Offener Brief von 180 iranischen Professoren
Wie der Zufall es will, haben praktisch kurz nach dem Washingtoner Dinner 180 iranische Universitätsprofessoren in einem offenen Brief an den Präsidenten Peseschkian genau aufgelistet, was getan werden muss, um eine fast sichere Katastrophe zu verhindern. Der Titel ihres Briefes lautet: «Totaler Paradigmenwechsel».
Der eigentliche Adressat des Briefes ist nicht Peseschkian, das wissen die Briefschreiber selbst. Doch sie wissen auch, «ihn», den Gottesvertreter kann man, darf man nicht belehren. Um den totalen Niedergang des Landes zu verhindern, zählen die Wissenschaftler unmissverständlich auf, was in diesen historischen Tagen zu tun ist. Wer will, kann es hören.
Zu allererst schreiben bzw. warnen sie: «Die territoriale Integrität des Landes gilt es zu bewahren.»
Dafür fordern sie:
- eine Garantie der Meinungs-und Redefreiheit
- Freilassung politischer Gefangener und Ende der Hausarreste
- Ende des Monopols einer kleinen Gruppe über Funk und Fernsehen
- Neumodellierung des gesamten Sicherheitsapparats
- gründliches Umkrempeln der Wirtschafts-, Handels- und Währungspolitik, damit die systematische Korruption ein Ende findet.
Am Ende des Briefes werden die Wissenschaftler sehr deutlich:
«Ohne echte Beteiligung der Bevölkerung und ohne eine völlige Änderung der Aussenpolitik lässt sich keine dieser Forderungen realisieren.»

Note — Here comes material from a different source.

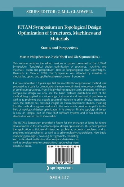 Level Sets, FEM and Sound.- Coupling the Level Set Method and the Topological Gradient in Structural Optimization.- Parametric Shape and Topology Optimization with Radial Basis Functions.- Generalized Shape Optimization Using X-FEM and Level Set Methods.- Topology Design of Three-Dimensional Structures Using Hybrid Finite Elements.- Topology Optimization of Vibrating Bi-Material Structures with Respect to Sound Radiation.- Classics Revisited.- Force Fields within Michell-Like Cantilevers Transmitting a Point Load to a Straight Support.- Reflections on Truss and Continuum Topology Optimal Designs.- Some Basic Issues of Topology Optimization.- Composites and Cellular Structures.- On Discrete Material Optimization of Laminated Composites Using Global and Local Criteria.- Analysis and Continuum Topology Optimization of Periodic Solids with Linearized Elastic Buckling Criterion.- Design of Cellular Structure for Optimum Efficiency of Heat Dissipation.- Layout of Tileable Multistable Structures Using Topology Optimization.- Topology Optimization of Dispersion Properties in Optical Fibres.- Optimal Design with Small Contrast.- Eigenfrequency and Buckling Optimization of Laminated Composite Shell Structures Using Discrete Material Optimization.- Effect of Internal Length Scale on Optimal Topologies for Cosserat Continua.- Mathematical Programming and Modelling.- Cellular Automata Paradigm for Topology Optimisation.- A one Shot Approach to Topology Optimization with Local Stress Constraints.- A Concept for Global Optimization of Topology Design Problems.- Image Processing Ideas and Level Sets.- Impedance Imaging for Inhomogeneities of Low Volume Fraction.- The Phase-Field Method in Optimal Design.- Level Set Based Shape Optimization of Geometrically Nonlinear Structures.- Industry and Software.- Industrial Implementation and Applications of Topology Optimization and Future Needs.- Recent Developments in the Commercial Implementation of Topology Optimization.- Mechanisms and Multiphysics.- Configuration Design of Rigid Link Mechanisms by an Optimization Method: A First Step.- The Pressure Load Problem Re-Visited.- Topology Optimization in Magnetic Fields.- Electro-Mechanical Topology Optimization Considering Non-Matching Meshes.- Waves.- Structural Topology Optimization of Mechanical Resonators, Actuators and Sensors.- Topology Optimization of Wave Transducers.- Optimal Mode Coupling in Simple Planar Waveguides.- Geometry Modelling.- Topology Optimization by Penalty (TOP) Method.- Topology Optimization with CAMD for Structures Undergoing Finite Deformation.- Spectral Level Set Methodology in the Design of a Morphing Airfoil.- Acoustics and Fluids and Actuators.- Topology Optimization for Acoustic-Structure Interaction Problems.- Topology Optimization of Mass Distribution Problems in Stokes Flow.- Topology Optimization for Acoustic Problems.- Topology Optimization of Wave-Propagation Problems.- Topology Optimization of Piezoelectric Actuators Considering Geometric Nonlinearities.- Mathematical Programming Issues.- The Worst-Case Multiple Load FMO Problem Revisited.- Simultaneous Optimization of Truss Topology and Geometry, Revisited.- Topology Optimization by Sequential Integer Linear Programming.- Bio.- Bio-Inspired Material Design and Optimization.- Protein Sequence Design on the Basis of Topology Optimization Techniques.- Topological Derivatives, Reliability, and Other Features.- Topological-Shape Sensitivity Method: Theory and Applications.- Topological Derivatives for Contact Problems.- Reliability-Based Topology Optimization (RBTO).- A Feature-Based Structural Topology Optimization Method.- Composites and Graded Materials.- Design of Fiber Reinforced Shafts Subject to Local Stress Constraints Through Inverse Homogenization.- Hierarchical Optimization of Material and Structure for Thermal Transient Problems.- Optimization of Foam Filled Structures Using Gradient Algorithms.- Fluids and Materials.- The Darcy-Stokes Topology Optimization Problem.- Topology Optimization of Fluid Problems by the Lattice Boltzmann Method.- A Class of Optimal Two-Dimensional Multimaterial Conducting Laminates.- New Approaches.- Multidisciplinary Topology Design and Partial Differential Games.- Coupling Topological Gradient and Gauss-Newton Method.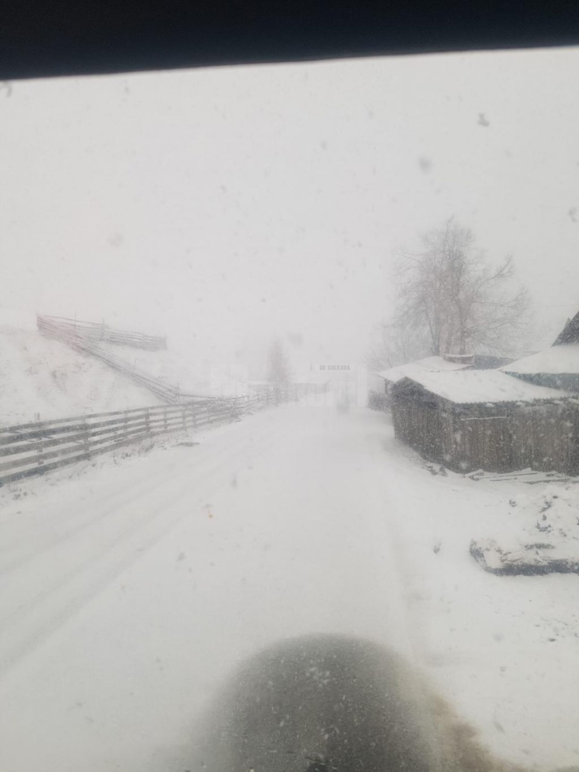 În zona de munte însă, este o atmosferă de iarnă veritabilă. Pe DN17A, în pasul Palma, este așezat strat destul de consistent de zăpadă, iar utilaje ale Secției de Drumuri Naționale Câmpulung Moldovenesc au intervenit pentru readucerea carosabilului la condiții optime, după cum se vede și în imaginile atașate la acest articol.

Ob der wahre Briefadressat diese Forderungen erfüllen will oder kann, ist mehr als fraglich. Dann bliebe von seiner «Republik» nur eine Hülle. Ausserdem lassen sich die Geister, die er in den 36 Jahren seiner Herrschaft um sich scharte, nicht so leicht in die Flasche zurückpressen. Zumal er selbst die Inkarnation dieses Geistes ist.
Wer will was?
Donald Trump sagt, Iran wolle und werde mit ihm verhandeln. In Anwesenheit Netanjahus verkündete er sogar, bald werde sein Sondergesandter Steve Wittkoff sich auf den Weg machen. Erst müssen die USA und Israel garantieren, dass sie nie mehr den Iran angreifen, dann sei man zu Verhandlungen bereit, sagt der iranische Aussenminister Abbas Araghtschi. Nicht nur das Datum erneuter Gespräche ist offen, auch das Ziel ist ungewiss. Wenn das Atomprogramm nicht mehr existiert, wenn Israel alle zwölf Wissenschaftler, die mit dem Bau der Sprengköpfe beschäftigt waren, in diesen zwölf Tagen ausfindig gemacht und umgebracht hat, worüber sollte dann verhandelt werden?
«Nie mehr ‹Tod Amerika›, ‹Tod Israel› rufen», ist ein sehr weites Ziel. Ali Khamenei lebt in der Verborgenheit. Zwei Mal hat er sich seit dem Kriegsende kurz in der Öffentlich gezeigt. Er wirkte gebrochen, gealtert und verloren. Der einstige Grossrhetoriker schien abwesend.
Libyen als Modell?
Norwegen soll künftiger Verhandlungsort sein, wenn alle zustimmen sollten. Trump sagt, er wolle keinen Krieg mehr, und israelische Zeitungen schreiben, Netanjahu gebe sich nicht mit weniger zufrieden als mit einem «Libyen-Modell». Will heissen, genauso wie Ghaddafi 2003 unter strenger Aufsicht der Welt sein gesamtes Atomprogramm aufgab, so müsse es auch Khamenei heute tun. Das Wort Libyen assoziiert viel. Das völlige Verschwinden jeglicher Staatlichkeit, ein unendlicher Bürgerkrieg mit mehreren Machtzentren, kurzum, eine Hölle auf Erden.
Steht Iran nach Khameneis langer Herrschaft etwas Ähnliches bevor? Für- und Widerargumente füllen dieser Tage die sozialen Netzwerke. Die Verborgenheit ist eine schiitische Konstante. Der zwölfte Imam, in dessen Namen Khamenei regiert, lebt seit 1250 Jahren verborgen, regiert aber weiterhin die Welt.
Aus seinem Versteck erfülle der geehrte Führer die Rolle des Oberbefehlshabers mustergültig, schreiben ihm nahestehende Webseiten. Ob und wie der 86-Jährige sich für die totale Verborgenheit vorbereitet, wissen wir nicht, aber lange wird es nicht dauern und wir werden erfahren, wer die Diadochenkämpfe gewonnen hat. Die Revolutionsgarden verloren zwar durch den Krieg ihre Köpfe und sind für einen Krieg mit dem Ausland kaum brauchbar, dafür sind sie im Inneren präsenter denn je. Sie bestimmen, wohin die Reise geht.